Fair Value Measurement Fair Value of Financial Instruments
The Company determines fair value based on quoted prices when available or through the use of alternative approaches, such as discounting the expected cash flows using market interest rates commensurate with the credit quality and duration of the instrument. This alternative approach also reflects the contractual terms of the instrument, as applicable, including the period to maturity, and may use observable market-based inputs, including interest rate curves and implied volatilities, and unobservable inputs, such as expected volatility. The guidance defines three levels of inputs that may be used to measure fair value:
Level 1Quoted prices in active markets for identical assets and liabilities that the reporting entity has the ability to access at the measurement date.
Level 2Inputs other than quoted prices included within Level 1 that are observable for the asset and liability or can be corroborated with observable market data for substantially the entire contractual term of the asset or liability.
Level 3Unobservable inputs that reflect the entity’s own assumptions that market participants would use in the pricing of the asset or liability and are consequently not based on market activity, but rather through particular valuation techniques.
The determination of where an asset or liability falls in the hierarchy requires significant judgment and considers factors specific to the asset or liability. In instances where the determination of the fair value measurement is based on inputs from different levels of the fair value hierarchy, the level in the fair value hierarchy within which the entire fair value measurement falls is based on the lowest level input that is significant to the fair value measurement in its entirety.
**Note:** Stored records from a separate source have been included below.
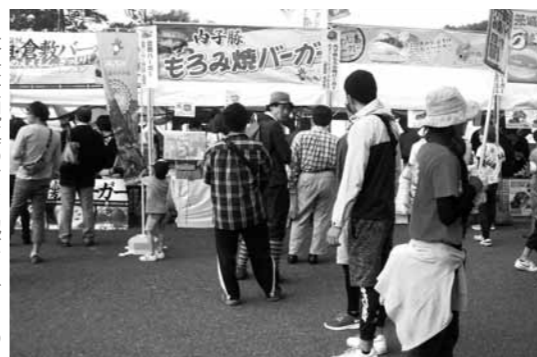
日本最大規模のご当地バーガーの祭典。2日間で約4万人が来場

国から37種類のバーガーが出品され、内子豚もろみ焼バーガーは、「味噌のうまみがほどよい」完成度が高い」などの評価を得て、総合16位と健闘しました。一位には、別海ジャンボホタテバーガー(北海道)が選ばれました。
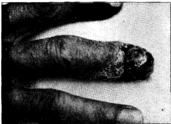
Figura 2 - Caso 3: aspecto lesional do dedo médio da mão direita.
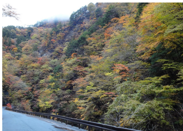
美しく色づく中津峡の山
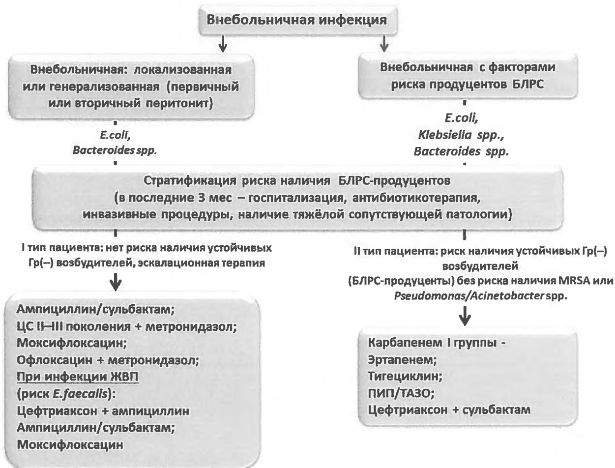
Рис. 4. Эмпирический выбор антимикробной терапии у пациентов с абдоминальной инфекцией с учётом стратификации риска полирезистентных возбудителей
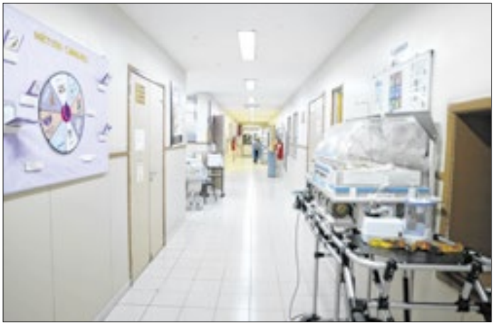
Entre os meninos, Ravi é o mais comum em 2025
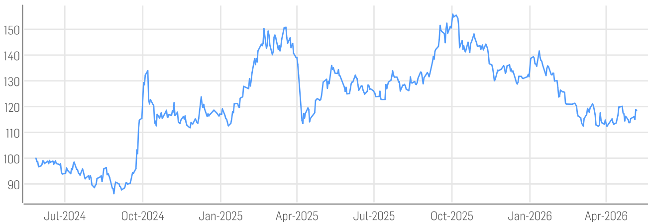
■ DER AKTIONÄR China Tech-Giganten Index
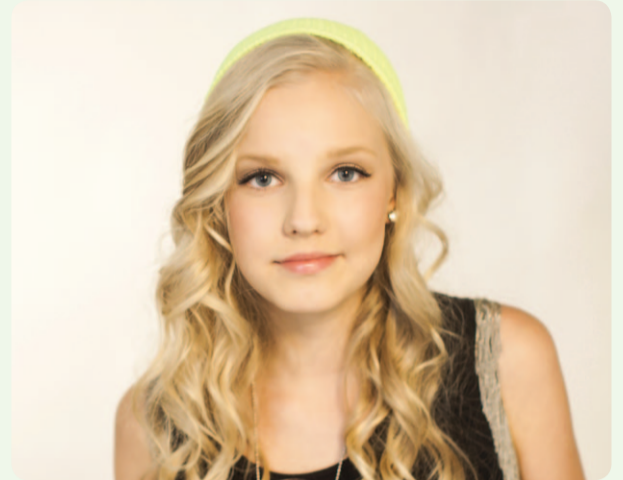
Tuuli esiintyy lauantaina Oulun Lastenmessuilla.

Tapahtuman nettisivut: www.lastenmessut.fi Tiedustelut: 044 555 3214 ja tomi@lastenmessut.fi .
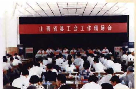
1996年4月山西省总工会在临猗县召开山西省县工会工作现场会
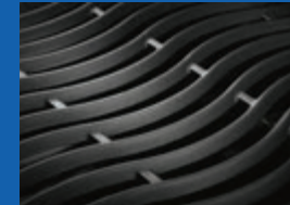
Grilles de cuisson WAVE MC emblématiques en fonte émaillée
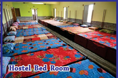
Hostel Bed Room

Financial Instruments Measured at Fair Value on a Recurring Basis
Derivative Instruments
The Company’s derivative instruments are measured at fair value on a recurring basis. Although the Company has determined that the majority of the inputs used to value its derivatives fall within Level 2 of the fair value hierarchy, the credit valuation adjustments associated with this derivative utilize Level 3 inputs, such as estimates of current credit spreads to evaluate the likelihood of default by the Company and its counterparty. However, as of September 30, 2022, the Company has assessed the significance of the impact of the credit valuation adjustments on the overall valuation of its derivative positions and has determined that the credit valuation adjustments are not significant to the overall valuation of the Company’s derivatives. As a result, the Company has determined that its derivatives valuation in its entirety is classified in Level 2 of the fair value hierarchy.
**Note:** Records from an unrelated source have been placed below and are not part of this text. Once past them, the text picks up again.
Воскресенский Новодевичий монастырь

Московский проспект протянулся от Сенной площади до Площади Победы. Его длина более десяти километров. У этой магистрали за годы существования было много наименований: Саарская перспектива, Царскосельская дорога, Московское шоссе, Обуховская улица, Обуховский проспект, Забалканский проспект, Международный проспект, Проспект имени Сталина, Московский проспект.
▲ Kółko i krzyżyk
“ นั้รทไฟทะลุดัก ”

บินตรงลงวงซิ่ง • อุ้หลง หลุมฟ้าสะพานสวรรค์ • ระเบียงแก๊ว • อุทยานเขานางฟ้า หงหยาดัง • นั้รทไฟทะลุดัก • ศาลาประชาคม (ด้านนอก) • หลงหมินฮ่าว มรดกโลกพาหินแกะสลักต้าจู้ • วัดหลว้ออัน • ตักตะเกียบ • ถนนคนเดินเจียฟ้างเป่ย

The valuation of derivative instruments is determined using a discounted cash flow analysis on the expected cash flows of each derivative. This analysis reflects the contractual terms of the derivatives, including the period to maturity, as well as observable market-based inputs, including interest rate curves and implied volatilities. In addition, credit valuation adjustments are incorporated into the fair values to account for the Company’s potential nonperformance risk and the performance risk of the counterparties.